◆ **The task**: Begin at the line containing "Schloss Reiteregg wurde" in the data below and go on through the line containing "2.接著分出後腦勺上半部的頭髮,並以黑色髮圈綁起固定。", repeating each line exactly; include both ends and no other line.

◆ **Supplied material**:
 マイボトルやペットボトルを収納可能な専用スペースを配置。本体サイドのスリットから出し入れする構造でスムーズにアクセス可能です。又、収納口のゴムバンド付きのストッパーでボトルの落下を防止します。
...
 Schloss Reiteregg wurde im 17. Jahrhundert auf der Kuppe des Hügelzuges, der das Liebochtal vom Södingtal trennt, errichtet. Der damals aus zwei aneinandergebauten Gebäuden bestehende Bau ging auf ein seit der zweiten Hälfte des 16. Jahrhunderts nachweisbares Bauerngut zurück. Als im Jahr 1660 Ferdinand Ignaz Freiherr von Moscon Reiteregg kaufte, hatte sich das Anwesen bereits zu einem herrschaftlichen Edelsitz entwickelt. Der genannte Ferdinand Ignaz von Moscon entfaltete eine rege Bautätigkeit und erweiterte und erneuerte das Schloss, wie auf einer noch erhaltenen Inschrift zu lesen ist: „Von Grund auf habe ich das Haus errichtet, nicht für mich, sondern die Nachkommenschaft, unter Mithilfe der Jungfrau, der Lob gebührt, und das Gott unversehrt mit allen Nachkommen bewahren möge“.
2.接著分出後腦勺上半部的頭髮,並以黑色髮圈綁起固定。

◆ **Response area**:
 Schloss Reiteregg wurde im 17. Jahrhundert auf der Kuppe des Hügelzuges, der das Liebochtal vom Södingtal trennt, errichtet. Der damals aus zwei aneinandergebauten Gebäuden bestehende Bau ging auf ein seit der zweiten Hälfte des 16. Jahrhunderts nachweisbares Bauerngut zurück. Als im Jahr 1660 Ferdinand Ignaz Freiherr von Moscon Reiteregg kaufte, hatte sich das Anwesen bereits zu einem herrschaftlichen Edelsitz entwickelt. Der genannte Ferdinand Ignaz von Moscon entfaltete eine rege Bautätigkeit und erweiterte und erneuerte das Schloss, wie auf einer noch erhaltenen Inschrift zu lesen ist: „Von Grund auf habe ich das Haus errichtet, nicht für mich, sondern die Nachkommenschaft, unter Mithilfe der Jungfrau, der Lob gebührt, und das Gott unversehrt mit allen Nachkommen bewahren möge“.
2.接著分出後腦勺上半部的頭髮,並以黑色髮圈綁起固定。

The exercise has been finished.